To most of us Mylar is just a tough plastic.  I did a bit of research and came up with the fact that Mylar is a trademark of the Dupont Corporation for a polyester film.  I went to the Dupont website to get their definition of Mylar:

"The leading polyester film and popular laminating substrate for flexible packaging structures, Mylar combines easy machinability, strength, high- and low-temperature resistance, crystal clarity, and printability. Plain or metallized, formable, heat-shrinkable and/or coated for barrier, printing or sealing -- tough, beautiful Mylar polyester films offer an outstanding barrier to gas and water vapor, with excellent flex and puncture resistance."

Why is it used in Pinball Games?

When a pinball playfield starts to get dirty, the force of a steel ball rolling over the dirt acts like sandpaper and starts wearing at the paint.  The first sign of wear are those annoying "ball swirl" marks in the paint.  This is fine dirt ground down into the playfield.  As time wears on (pun intended..), this sandpaper type action will wear down the paint until there are bare wood spots on the playfield.

There is increased wear on a playfield wherever the surface is uneven.  This occurs around most playfield inserts and drop target areas.  The ball repeatedly rolling over the ridge between surfaces will start to eat away at the paint.  You can see an extreme case of this in the photo of the Gorgar playfield below:

The ball rolling over the inserts has worn off most of the paint around the inserts.  Two other area that take quite a beating are around the pop bumpers and the slingshot kickers.   The force of the ball being "kicked" back onto the playfield wears a hole in the paint quickly:

Note how the playfield has been worn down to bare wood right in front of the kicker.
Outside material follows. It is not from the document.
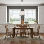 The Coco Pendant is a versatile fixture with a transitional design that will complement a variety of decor styles. The flat angular arms lend a contemporary, geometric edge, while the tapered linen hardback shade showcases a more traditional influence. The edges of the shade are finished with a black trim to complete the neat, clean-lined look.
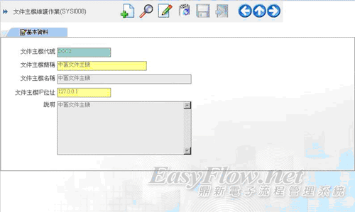 2. 當系統上線之前,或者是新增文件主機時,您可以透過本維護程式,建立文件主機之資料。

As you can see just from the two examples above, a pinball playfield can experience a lot of wear!  Before the advent of Solid State machines (late 1970s), pinball games just weren't as fast as they are today.  Slower rolling balls wore down playfields at a much slower rate.  In the 1980's speed was the name of the game in pinball design, with the ball accelerating faster with every new release.  This faster ball speed quickly speed up the wear and tear on playfields.

Up to the 1980's, if an operator kept their games clean and waxed, playfield wear could be kept to a minimum.  This didn't work as well on the early SS games, and playfield wear was accelerated.  Look at most any early SS game and you'll see signs of extreme playfield wear.   The Gorgar game above (1979) is typical of the wear on early SS games.

Pinball manufacturers had been using some sort of plastic playfield protection around pop bumpers for years (the area on a playfield that receives the most abuse).  Early plastic rings did not have any adhesive on them, they just sat on the playfield.  Soon Mylar with an adhesive starting replacing the "floating" pop bumper rings and manufacturers started using it in areas like the kickers and eject holes.  Since not all operators wanted Mylar on their games, it was usually provided in a separate envelope to be applied by the operator when they set up the game.  The original owner of the Gorgar above obviously didn't want to use the Mylar!

Mylar was the best choice at the time for playfield protection.  It was crystal clear and virtually indestructible. It could double or triple the life of a playfield. 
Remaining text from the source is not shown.